EDIT for fun here's a microbenchmark of the answers given so far with rle being mine, consec being what I think is the most fundamentally direct answer, given by #James, and would be the answer I would "accept", and dp being the dplyr answer given by #Nik.
#> Unit: microseconds
#> expr min lq mean median uq max
#> rle 134.389 145.4220 162.6967 154.4180 172.8370 375.109
#> consec 111.411 118.9235 136.1893 123.6285 145.5765 314.249
#> dp 20478.898 20968.8010 23536.1306 21167.1200 22360.8605 179301.213
rle performs better than I thought it would.
You just need to check in there is no duplicate following a number, i.e x[i+1] != x[i] and note the last value will always be present.

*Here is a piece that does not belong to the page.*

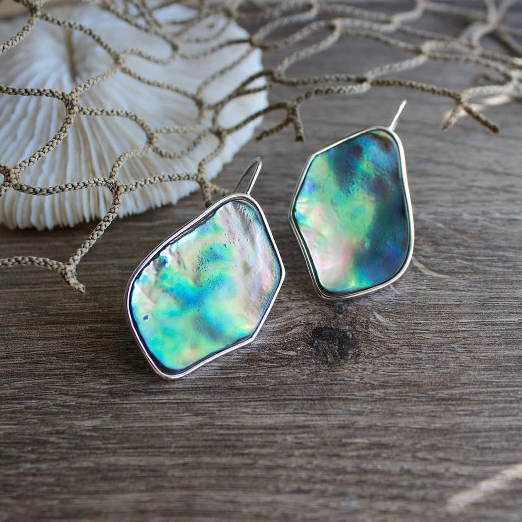 Can't get enough of the Clearwater Abalone Earrings, featuring shimmering turquoise, green, blue, and pink color tones... Each earring captures the beauty and depths of the water's surface, creating a bold and lightweight earring. Made with sterling silver, these earrings are the statement earring that will not only stand out, but also be taken out of your jewelry box and worn all the time.

df[c(df$x[-1] != df$x[-nrow(df)],TRUE),]
x y z
3 1 30 3
5 2 49 5
6 4 13 6
8 2 49 8
9 1 30 9
A cheap solution with dplyr that I could think of:
Method:
library(dplyr)
df %>%
mutate(id = lag(x, 1),
decision = if_else(x != id, 1, 0),
final = lead(decision, 1, default = 1)) %>%
filter(final == 1) %>%
select(-id, -decision, -final)
Output:
x y z
1 1 30 3
2 2 49 5
3 4 13 6
4 2 49 8
5 1 30 9
This will even work if your data has the same x value at the bottom
New Input:
df2 <- df %>% add_row(x = 1, y = 10, z = 12)
df2
x y z
1 1 10 1
2 1 11 2
3 1 30 3
4 2 12 4
5 2 49 5
6 4 13 6
7 2 12 7
8 2 49 8
9 1 30 9
10 1 10 12
Use same method:
df2 %>%
mutate(id = lag(x, 1),
decision = if_else(x != id, 1, 0),
final = lead(decision, 1, default = 1)) %>%
filter(final == 1) %>%
select(-id, -decision, -final)
New Output:
x y z
1 1 30 3
2 2 49 5
3 4 13 6
4 2 49 8
5 1 10 12
Here is a data.table solution. The trick is to create a shifted version of x with the shift function and compare it with x
library(data.table)
dattab <- as.data.table(df)
dattab[x != shift(x = x, n = 1, fill = -999, type = "lead")] # edited to add closing )
This way you compare each value of x with its immediately following value and throw out where they match. Make sure to set fill to something that is not in x in order for correct handling of the last value.